EchoDistill:Alignment Noisy-to-Clean Self-Distillation for Robust Audio LLMs

EchoDistill: Alignment Noisy-to-Clean Self-Distillation for Robust Audio LLMs

EchoDistill：用于鲁棒音频大模型的“噪声到纯净”对齐自蒸馏框架

Abstract: Audio Large Language Models (ALLMs) are highly vulnerable to real-world noise, which often induces severe semantic drift and hallucinations. Existing robustness methods primarily rely on waveform-level acoustic enhancement, answer-level supervision, or the internal suppression of noise representations.

摘要： 音频大模型（ALLMs）在面对现实世界中的噪声时非常脆弱，这往往会导致严重的语义漂移和幻觉。现有的鲁棒性方法主要依赖于波形级的声学增强、答案级的监督，或对噪声表征的内部抑制。

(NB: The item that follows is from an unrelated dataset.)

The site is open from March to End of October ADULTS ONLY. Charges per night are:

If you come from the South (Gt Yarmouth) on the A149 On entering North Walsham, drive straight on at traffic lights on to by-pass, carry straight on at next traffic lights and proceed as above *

To address these issues, we propose EchoDistill, an alignment-based noisy-to-clean self-distillation framework. EchoDistill leverages a frozen clean-audio teacher to provide semantic references for an inference-time noisy-audio student. Specifically, the student samples candidate responses under noisy conditions to expose its test-time behavior. These trajectories are then optimized via group-relative policy optimization (GRPO), where the token-level consistency with the teacher acts as a reward bonus.

为了解决这些问题，我们提出了 EchoDistill，这是一个基于对齐的“噪声到纯净”自蒸馏框架。EchoDistill 利用一个冻结的纯净音频教师模型，为推理阶段的噪声音频学生模型提供语义参考。具体而言，学生模型在噪声条件下采样候选响应，以暴露其在测试时的行为。随后，这些轨迹通过组相对策略优化（GRPO）进行优化，其中与教师模型在 Token 级别的连贯性被用作奖励加成。

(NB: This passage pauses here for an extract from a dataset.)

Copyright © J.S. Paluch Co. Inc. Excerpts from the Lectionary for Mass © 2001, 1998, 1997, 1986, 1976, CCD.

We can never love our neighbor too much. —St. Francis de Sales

By aligning the noisy student’s candidate responses with clean semantic evidence, and applying audio-aware reward shaping, our method encourages reasoning trajectories that are both correct and genuinely acoustically grounded. EchoDistill significantly improves the semantic reliability and task performance of Audio LLMs under complex noise, without introducing any additional inference costs.

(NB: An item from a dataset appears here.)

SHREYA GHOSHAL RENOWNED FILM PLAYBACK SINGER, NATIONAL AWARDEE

通过将噪声学生模型的候选响应与纯净的语义证据对齐，并应用音频感知的奖励塑造，我们的方法鼓励生成既正确又具有真实声学基础的推理轨迹。EchoDistill 在不引入任何额外推理成本的情况下，显著提高了音频大模型在复杂噪声环境下的语义可靠性和任务性能。

Extensive experiments show that: (I) Compared with the strongest baseline, EchoDistill achieves average improvements of 4.18%↑ in GSR under strong noise. (II) Ablation results on Qwen-Omni further show that EchoDistill improves over the GRPO-only variant by 3.02%↑ in Acc, 3.89%↑ in Noisy, and 4.53%↑ in GSR on average. Our codes are available at this https URL.

大量实验表明：（I）与最强的基线模型相比，EchoDistill 在强噪声环境下 GSR 指标平均提升了 4.18%↑。（II）在 Qwen-Omni 上的消融实验结果进一步显示，与仅使用 GRPO 的变体相比，EchoDistill 在准确率（Acc）、噪声环境表现（Noisy）和 GSR 指标上分别平均提升了 3.02%↑、3.89%↑ 和 4.53%↑。我们的代码已在链接中提供。